I think the answer is pretty obvious. The countries that have huge holdings of dollars will have to start spending them, and this can only mean that a lot of business is coming to American companies. If you look at the trend, it tells you that more and more dollars are pouring back into American companies. Take GE for example, they're sucking up five billion dollars a year from China today and that number is growing. It's all very simple: If the foreigners don't spend these dollars, they're just getting into more trouble - as will the American people because they will have to default, and/or inflate away parts of the debt.

So, does this all mean that things will be honky dory?

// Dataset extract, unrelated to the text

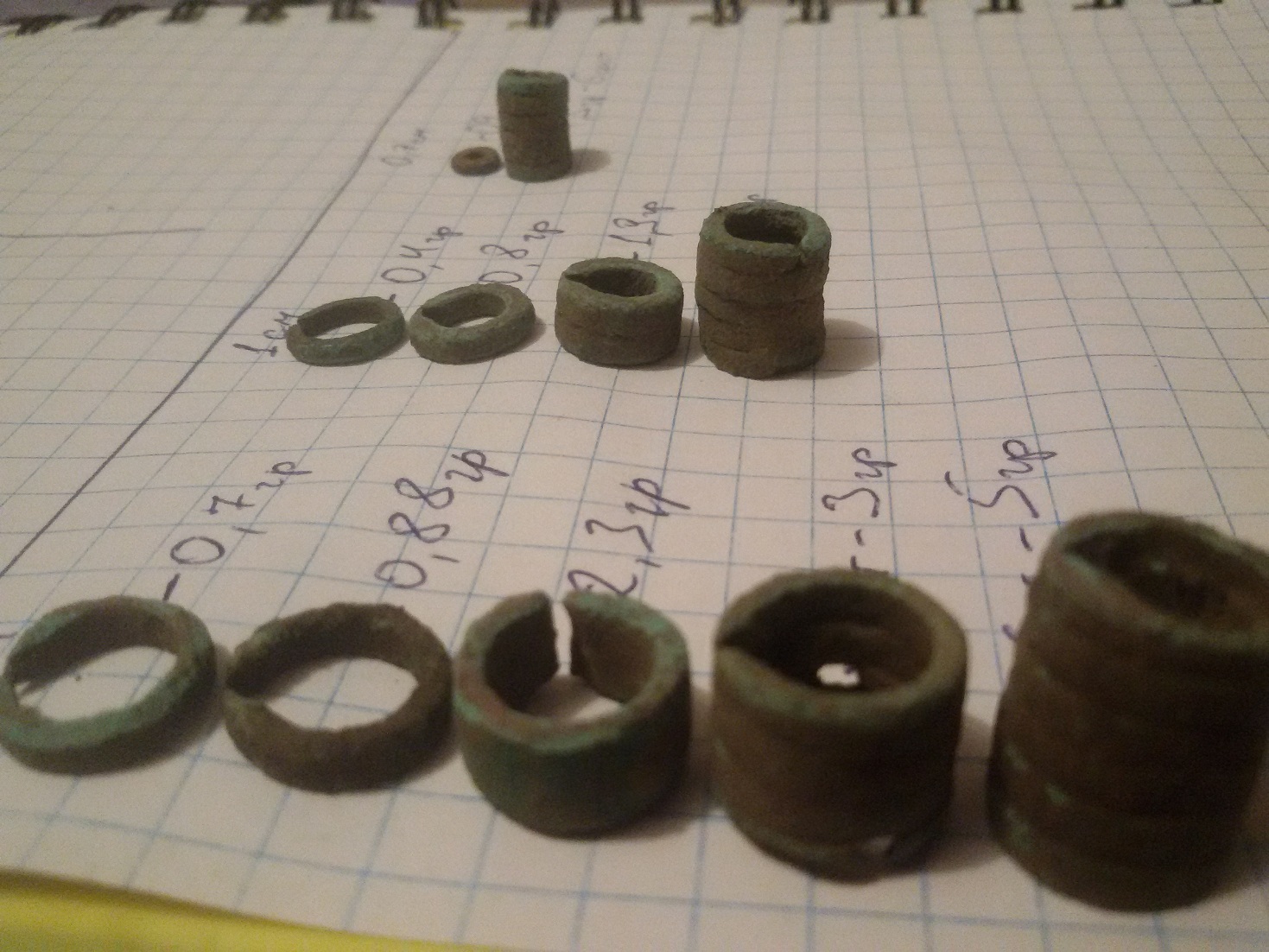 И еще..Думаю было допустим эти четыре вида платежных единиц три вида колец и скрученные в леечку пластины меди.

Well, one should definitely not disregard the huge importance that the US consumers have for American companies, and to rebuild wealth will take some time. It really depends on how stupid the lenders and the US government are, if the lenders start spending dollars then the rebuilding of wealth (or destruction of debt) will go a lot faster and things may well stabilize (stop going down) within two years - this assuming that the derivatives market will have stopped imploding (!) - and that really is the huge wild card here, in fact the very thing that will determine the future of the global economy. Again, if you look at the trend, the derivatives losses are not slowing down and nobody knows where it will end. But when these losses stop coming or when the government stops paying for this garbage, then I beleive it will be a good time to invest in America. But beware, not until the black hole of derivatives has gone away completely is it safe to really invest in anything related - and by related I mean economies with financial sectors exposed to these instruments. Even a company like GE, mentioned just above, has taken credit losses although they may see great growth in places like China. So, until the green light comes up... let's focus on precious metals, perhaps energy and perhaps some more independent economies.

From the viewpoint just expressed I think it looks reasonable that things may well not go so bad as some have predicted; government can really only put the people in so much debt. I doubt that we really will see more than, at the most, another five trillion of bailout or stimulus money (which in itself is obviously a humongous lot of money). But then the US government has to cut down on a lot of other spending as well, which may prove difficult - but they would not be the first country in history to have run up a huge public debt, and others in that position have prevailed. Big problems are on the horizon and the government of the US really has to do things right in order for this crisis to be resolved (globally, as well) - so far they haven't. Hopefully even they may start to see that the bailouts are not sustainable and that the spending has got to be cut. I may seem naive to say that politicians like the Obama-gang might actually learn something, but stranger things have happened, and we should all hope that they do learn... unless you happen to really like things post-apocalyptic?